* [LISTED RECORDS]:
□ □ □ □ □ □ □
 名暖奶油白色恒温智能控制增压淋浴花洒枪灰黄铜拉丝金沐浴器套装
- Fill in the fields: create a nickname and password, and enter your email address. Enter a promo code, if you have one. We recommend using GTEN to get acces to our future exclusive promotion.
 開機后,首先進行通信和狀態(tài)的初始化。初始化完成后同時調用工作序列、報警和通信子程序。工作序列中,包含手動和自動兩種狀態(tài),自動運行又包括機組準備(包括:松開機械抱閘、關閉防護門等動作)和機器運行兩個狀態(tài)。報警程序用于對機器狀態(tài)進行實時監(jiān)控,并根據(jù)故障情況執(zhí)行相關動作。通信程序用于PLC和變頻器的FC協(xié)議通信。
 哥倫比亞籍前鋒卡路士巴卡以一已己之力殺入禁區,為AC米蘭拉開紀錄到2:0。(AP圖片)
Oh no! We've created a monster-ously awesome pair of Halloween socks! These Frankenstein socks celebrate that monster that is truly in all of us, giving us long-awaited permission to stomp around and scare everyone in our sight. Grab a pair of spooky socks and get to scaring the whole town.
□ □ □ □ □ □ □
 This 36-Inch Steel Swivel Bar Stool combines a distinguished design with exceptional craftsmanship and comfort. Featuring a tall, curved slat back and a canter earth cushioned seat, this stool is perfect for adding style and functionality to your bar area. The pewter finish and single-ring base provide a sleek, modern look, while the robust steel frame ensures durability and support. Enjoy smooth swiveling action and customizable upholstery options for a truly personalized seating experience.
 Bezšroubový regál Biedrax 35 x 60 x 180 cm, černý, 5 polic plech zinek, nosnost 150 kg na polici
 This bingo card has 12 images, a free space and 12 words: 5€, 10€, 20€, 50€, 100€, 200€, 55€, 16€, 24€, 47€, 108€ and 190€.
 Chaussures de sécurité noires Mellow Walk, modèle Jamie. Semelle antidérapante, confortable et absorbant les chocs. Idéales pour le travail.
□ □ □ □ □ □ □
* [ASSIGNMENT]: Return a word-for-word copy of the lines above from the one holding "名暖奶油白色恒温智能控制增压淋浴花洒枪灰黄铜拉丝金沐浴器套装" through the one holding "Oh no! We've", with both of them included and nothing besides.

* [RESULT]:
 名暖奶油白色恒温智能控制增压淋浴花洒枪灰黄铜拉丝金沐浴器套装
- Fill in the fields: create a nickname and password, and enter your email address. Enter a promo code, if you have one. We recommend using GTEN to get acces to our future exclusive promotion.
 開機后,首先進行通信和狀態(tài)的初始化。初始化完成后同時調用工作序列、報警和通信子程序。工作序列中,包含手動和自動兩種狀態(tài),自動運行又包括機組準備(包括:松開機械抱閘、關閉防護門等動作)和機器運行兩個狀態(tài)。報警程序用于對機器狀態(tài)進行實時監(jiān)控,并根據(jù)故障情況執(zhí)行相關動作。通信程序用于PLC和變頻器的FC協(xié)議通信。
 哥倫比亞籍前鋒卡路士巴卡以一已己之力殺入禁區,為AC米蘭拉開紀錄到2:0。(AP圖片)
Oh no! We've created a monster-ously awesome pair of Halloween socks! These Frankenstein socks celebrate that monster that is truly in all of us, giving us long-awaited permission to stomp around and scare everyone in our sight. Grab a pair of spooky socks and get to scaring the whole town.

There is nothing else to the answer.